O conceito de número, o processo de contagem desenvolveram-se ao longo da história da humanidade. Não é difícil imaginar como esse processo começou. Mesmo nos tempos mais primitivos, o homem já tinha uma certa noção de número, pelo menos já reconhecia quando havia mais ou menos objectos.
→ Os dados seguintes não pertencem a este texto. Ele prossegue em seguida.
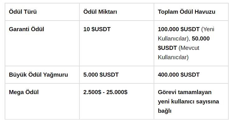 Her davet ettiğiniz ve görevi tamamlayan arkadaşınız için 5 $USDT kazanabilirsiniz. Yeni kullanıcılar için garanti ödül havuzu 100.000 $USDT, mevcut kullanıcılar için ise 50.000 $USDT’dir. Ödül havuzu dolmadan görevleri tamamlayarak garanti ödüllerden faydalanabilirsiniz.
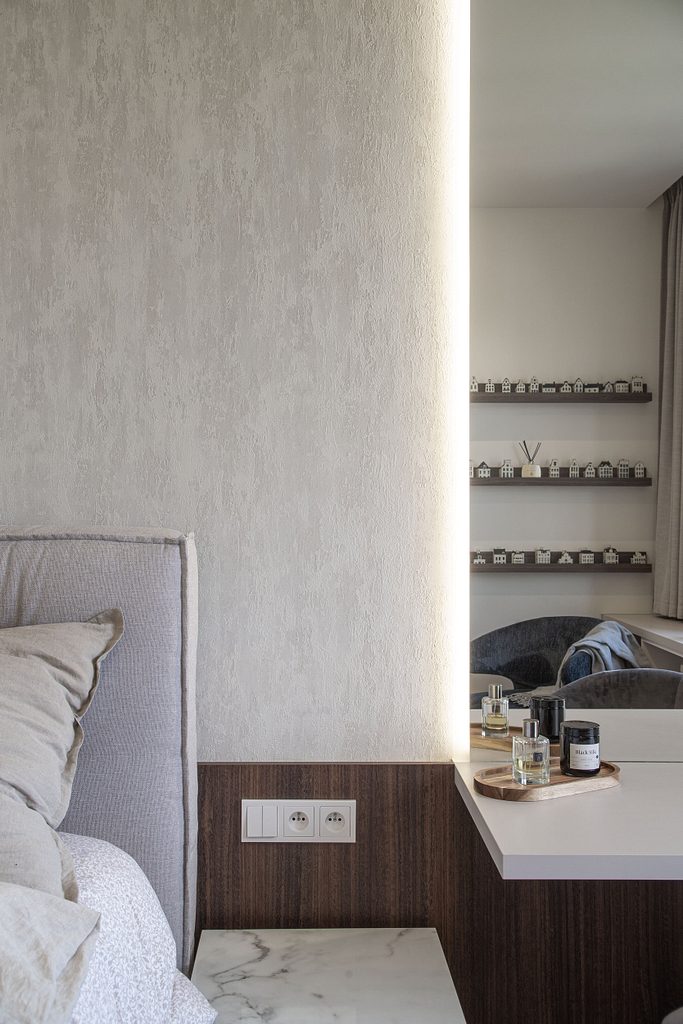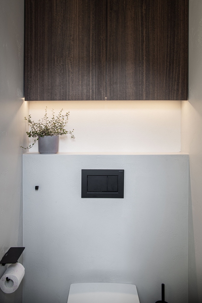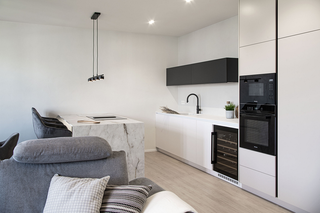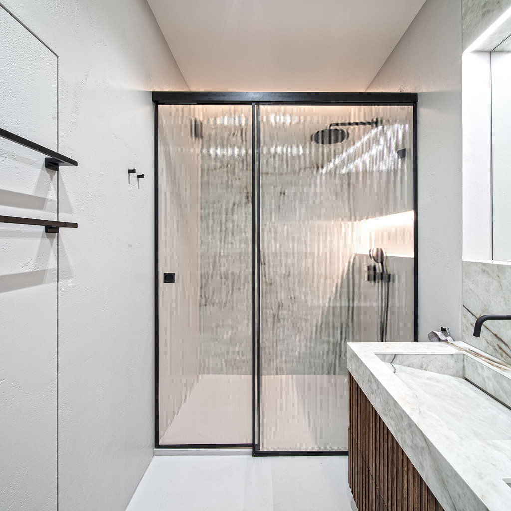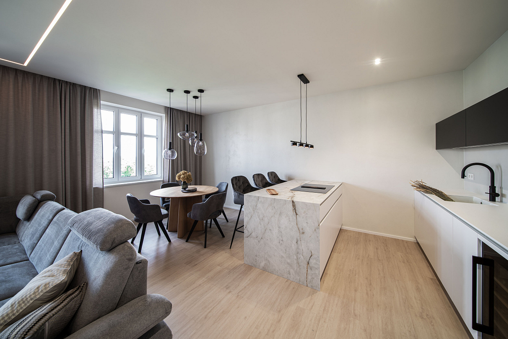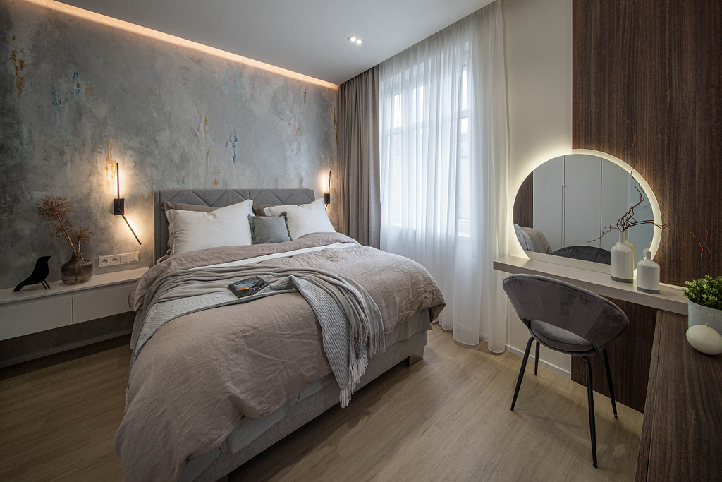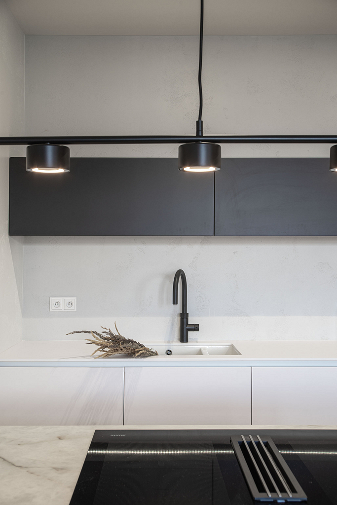 Dispozice bytu prošla zásadní proměnou, díky které vznikl velký obytný prostor kuchyně a obývacího pokoje. Moderní rekonstrukce, ale zároveň funkčně zařízený interiér, vychází z přírodních dekorů a barev. Kombinace bílé a krémové barvy se stěrkou a dřevodekorem Cleaf sablé LR28 patese jsou doplněny černými doplňky. V bytě je použita velkoformátová keramika Neolith Himalaya Crystal a krásné dekorativní sklo AGC Imagin Raywall 90T, které působí velice efektně, propouští dostatek světla a zároveň poskytuje soukromí. Vzdušný byt o nové dispozici 3+kk tvoří obývací pokoj s kuchyní, dvě ložnice, koupelna, samostatná toaleta a chodba se vstupem na balkon.

Com a evolução da sociedade, a simples contagem tornou-se cada vez mais importante. Uma tribo, tinha de saber quantos membros e quantos inimigos havia e o Homem achou necessário saber se o seu rebanho de carneiros estava a diminuir ou aumentar. Provavelmente, o modo de contagem mais primitivo era feito através de um método simples, utilizando o pricípio da correspondência um para um.
Na contagem dos carneiros, por exemplo, um dedo "estava" para um carneiro. A contagem poderia também ter sido feita utilizando vários processos: fazendo nós numa corda, riscos na terra ou pedra, cortes num pedaço de madeira ou de osso.
As seguintes figuras 1 e 2 foram encontradas em 1950, numa vila chamada Ishango perto do Lago Edward, Zaire. São datadas entre 9000 e 6500 a.C.
Como se pode ver, estes ossos contêm marcas. Observa atentamente as figuras.

O que é que elas te sugerem?
Segundo Jean de Heinzelin, estas marcas podem representar um jogo aritmético e os padrões sugerem que o sistema de contagem é baseado em 10 e no conhecimento da multiplicação por 2 e por números primos.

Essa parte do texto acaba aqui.